Smalltalk compiler evaluate: '1+2'

Imagine you evaluate a String, but it is actually not syntactically correct:

Smalltalk compiler evaluate: '1+'

We get an exception (while parsing), a SyntaxErrorDebugger is opened:

This tool is not used often and is fairly odd, in practice we use it for two things: Look at the error message and use the (not easy to find) menu "debug calling process" to see where the eval was called to understand what went wrong (why we consructed a string of invalid code). The problem is that the tool is not easy to understand, and it is not easy to maintain as part of the debugger framework (it is a bit broken even now, especially wrt to editing and continue, which does not matter for DoIts, though).

Could we no do better?

Evaluating code means:

  • We parse the string to an AST
  • we translate the AST to a DoIt Method
  • we execute that method

The error happens inside the parse phase: no method gets contructed, intead an exception is raised. There is quite some machinary to allow re-starting parsing after the error is fixed
(see the exception ReparseAfterSourceEditing and how it is used, quite hard to understand).

The idea that syntax errors are hard errors is quite natural. With batch compilers, there is some effort done to do some auto-repair. This was very useful in old times (punch cards!) to avoid seeing an aborted job the next morning just due to a missing comma. These days it is used to allow better error messages. But it is common to treat syntax errors as hard errors. This is seen as good as they are detected very early and the fact that compiling is not possible is seen as the goal for any kind of error. In the end, type systems try to extend this to non-syntactic problems: If a program is wrong, it should not run. If we call a method that does not exist, the program should not compile.

What if we not follow this standard advice and go the exact opposite direction?

Let's try:

Our tools parse code after every keystroke. The resulting AST is used for syntax highlighting. Which means, we can parse the expression

'1+’

without any problem, if we use the same mode for the Parser:

Smalltalk compiler
options:  #(+ optionParseErrors);
parse: '1+'

We see that the parser created an AST, with a ParseErrorNode as the argument of the message send +.
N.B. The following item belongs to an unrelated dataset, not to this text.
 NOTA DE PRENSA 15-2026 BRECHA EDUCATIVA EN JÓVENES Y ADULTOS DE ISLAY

This AST would used by the Syntax HighLighter, and for code completion. But it is in the end just the normal AST that the Compiler uses to compile source text to CompiledMethods.
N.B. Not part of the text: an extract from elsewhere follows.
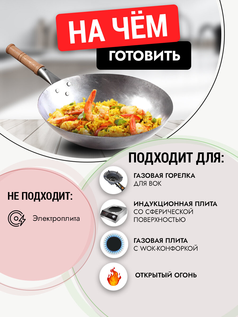 -ручная обработка вока по всей поверхности; -имеет круглое дно; -подходит для индукционных плит со сферическим основанием и может использоваться с открытым огнем; -прочное и надёжное крепление деревянной ручки на трёх клёпках; -подходит для приготовления различных блюд: от жарки мяса и овощей до приготовления вкусных азиатских блюд. Перед использованием сковороды необходимо провести предварительную подготовку, включающую прокалку и нанесение масляного слоя. Обязательно ознакомьтесь с инструкцией!

So can we not just implement the code in the compiler to compile this AST?

The node implements the visitor pattern #acceptVisitor:, which calls visitParseErrorNode:. So we can add support to the compiler by just implementing OCASTTranslator>>#visitParseErrorNode:

visitParseErrorNode: anErrorNode
methodBuilder
pushLiteralVariable: RuntimeSyntaxError binding;
pushLiteral: anErrorNode;
send: #signalSyntaxError:

This just reads the global Variable RuntimeSyntaxError (which is subclass of Error), pushes the error node itself as an argument and sends #signalSyntaxError:

signalSyntaxError: aNode
"we use signalSyntaxError: instead of signal: so we can quickly check
compiledMethods for syntax errors by checking the literals"
^(self new errorNode: aNode) signal

To see what the compiler compiled for that expression, lets compile a DoIt method (this is what #evaluate: does to get a method to execute):

compiledMethod := Smalltalk compiler
	noPattern: true;
	options:  #(+ optionParseErrors);
	compile: '1+’

So it did compile this bytecode, as expected:

49 <51> pushConstant: 1
50 <10> pushLit: RuntimeSyntaxError
51 <21> pushConstant: RBParseErrorNode()
52 <92> send: signalSyntaxError:
53 <60> send: +
54 <5C> returnTop

To finish what #evaluate does, we can evaluate the compiledMethod (with a nil receiver):

compiledMethod valueWithReceiver: nil arguments: #()
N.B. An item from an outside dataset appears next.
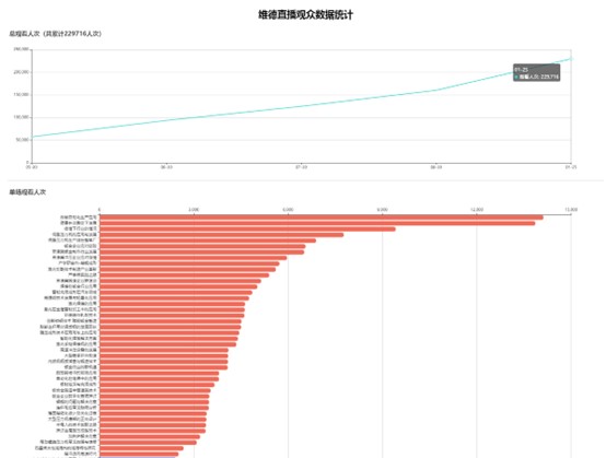 維德直播與4月25日正式開播。截至9月15日共開播49場,收聽收看人次達229716人。具體直播內(nèi)容及收看人次統(tǒng)計如下:

and it works! The standard debugger opens, on the RunTimeSyntaxError:

Can we do that by default for #evaluate? Go to OpalCompiler>>#evaluate and add the optionParseErrors line before compiling:

...
options:  #(+ optionParseErrors);
doItMethod := self compile.
...

If you now run

Smalltalk compiler evaluate: '1+'

It will open the normal debugger.

What needs to be improved?

  • The error message is not shown other than in the debugger window title.
    (but all the infos to print a nice error in place is contained in the AST)
  • Maybe allowing to edit and proceed could be interesting (not that much for evaluate)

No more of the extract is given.